The portrait flies open.

"I WON'T SAY I'M IN-"

Remus and Sirius are suddenly face to face, inches apart, and both of them make a high octave noise of surprise.

"-love…"

Lily stares at Remus. Remus stares at Sirius. Sirius stares at Remus. James Stares at Lily.

The Common Room population stares at the four in complete silence.

"I ermm….Uhhh-" Sirius stammers. His whole face has turned a rather stunning likeness to his tie.

"It's just…uummmm…" Remus balls his hand together and looks anywhere but at Sirius' face. Anywhere….shit.

"This is the part where you two make up." Lily adds helpfully. James rolls his eyes. The Common Room watches eagerly.

Remus opens his mouth to speak, he has a thousand different apologies ready. Nothing comes out.

Sirius moves his lips nervously, trying to man up enough to say the two simple words to make all this go away.

"Sir-"

"Re-"

They stop, then suddenly Sirius' face grows horribly intense and he grabs Remus by the tie yanking him close, their lips smashing together in the only way smashing lips can be enjoyable. Their bodies press close instantly and Remus makes a little noise of pleasure, hands clutching Sirius' very crumpled vest. They promptly fall backwards into the common room, still stuck at the mouth.

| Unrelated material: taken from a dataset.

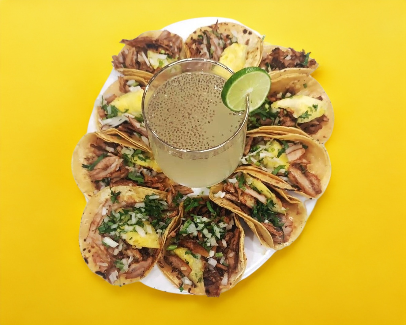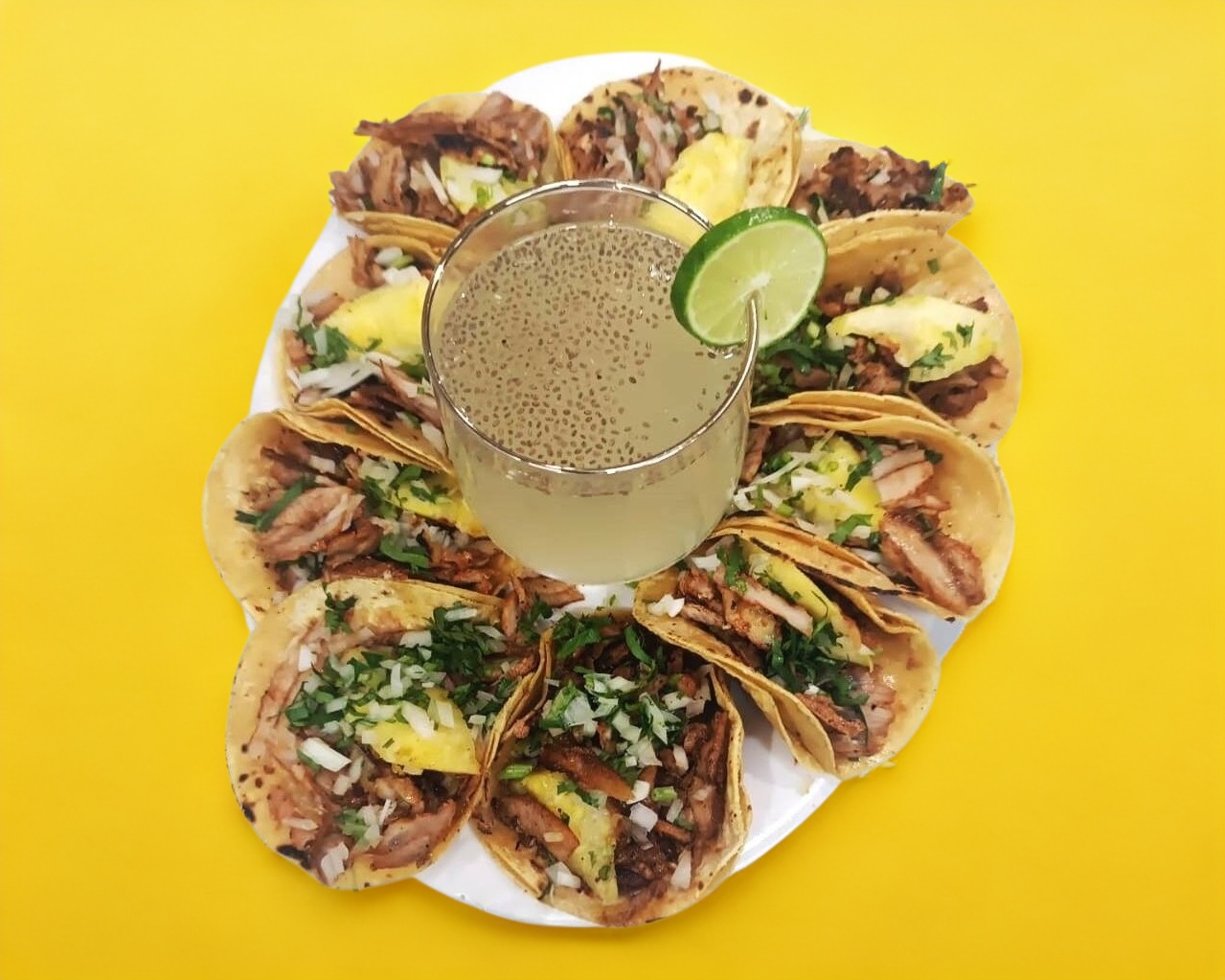 Agua de Limón con Chía*1 + Taco de pastor*9

Somewhere in the back of the common room, amidst the 'awes', 'ooohs', and interesting little I-Saw-That-Coming noises, came a loud thud as Peter Pettigrew, oblivious to all the things that had been occurring in not only the afternoon, but Sirius' and Remus' relationship, fainted dead away.

Lily grinned.

"I guess they really are…..in love." James mutters. "Damn Girl-Deductive-Powers."

From the floor Remus pulls away from the very enticing, pumpkin flavored lips.

"I am sorry about the juice-" He starts.

"Shut up and kiss me Lupin." Sirius orders. Remus doesn't have to be told twice.